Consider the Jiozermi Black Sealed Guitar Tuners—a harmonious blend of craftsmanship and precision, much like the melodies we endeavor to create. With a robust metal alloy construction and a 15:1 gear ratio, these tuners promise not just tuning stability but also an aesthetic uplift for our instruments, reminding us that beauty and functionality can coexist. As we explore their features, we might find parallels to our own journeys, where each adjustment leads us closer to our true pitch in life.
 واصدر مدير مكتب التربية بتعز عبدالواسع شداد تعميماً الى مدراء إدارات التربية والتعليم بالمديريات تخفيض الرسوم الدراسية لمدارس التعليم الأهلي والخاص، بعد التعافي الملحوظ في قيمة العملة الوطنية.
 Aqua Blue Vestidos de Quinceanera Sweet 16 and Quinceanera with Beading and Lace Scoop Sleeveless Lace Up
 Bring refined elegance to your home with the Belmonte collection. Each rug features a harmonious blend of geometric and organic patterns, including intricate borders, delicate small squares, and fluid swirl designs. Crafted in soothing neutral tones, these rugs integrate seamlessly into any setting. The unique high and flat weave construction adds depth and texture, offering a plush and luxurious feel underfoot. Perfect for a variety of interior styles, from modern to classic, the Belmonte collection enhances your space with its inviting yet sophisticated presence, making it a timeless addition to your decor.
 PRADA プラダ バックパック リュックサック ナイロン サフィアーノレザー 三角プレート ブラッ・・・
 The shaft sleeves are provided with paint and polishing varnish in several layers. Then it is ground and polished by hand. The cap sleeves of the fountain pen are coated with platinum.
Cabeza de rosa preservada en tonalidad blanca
==
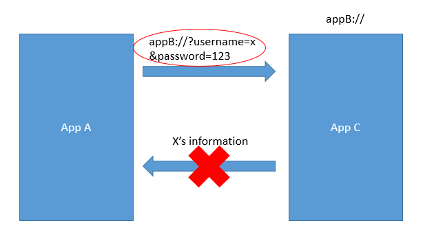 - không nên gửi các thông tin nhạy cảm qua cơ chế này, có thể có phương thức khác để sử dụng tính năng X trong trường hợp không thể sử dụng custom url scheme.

▸ TASK TO CARRY OUT:
Output only an exact transcription of the lines above from the one with "Consider the Jiozermi" up to and including the one with "Aqua Blue Vestidos".

▸ YOUR SOLUTION:
Consider the Jiozermi Black Sealed Guitar Tuners—a harmonious blend of craftsmanship and precision, much like the melodies we endeavor to create. With a robust metal alloy construction and a 15:1 gear ratio, these tuners promise not just tuning stability but also an aesthetic uplift for our instruments, reminding us that beauty and functionality can coexist. As we explore their features, we might find parallels to our own journeys, where each adjustment leads us closer to our true pitch in life.
 واصدر مدير مكتب التربية بتعز عبدالواسع شداد تعميماً الى مدراء إدارات التربية والتعليم بالمديريات تخفيض الرسوم الدراسية لمدارس التعليم الأهلي والخاص، بعد التعافي الملحوظ في قيمة العملة الوطنية.
 Aqua Blue Vestidos de Quinceanera Sweet 16 and Quinceanera with Beading and Lace Scoop Sleeveless Lace Up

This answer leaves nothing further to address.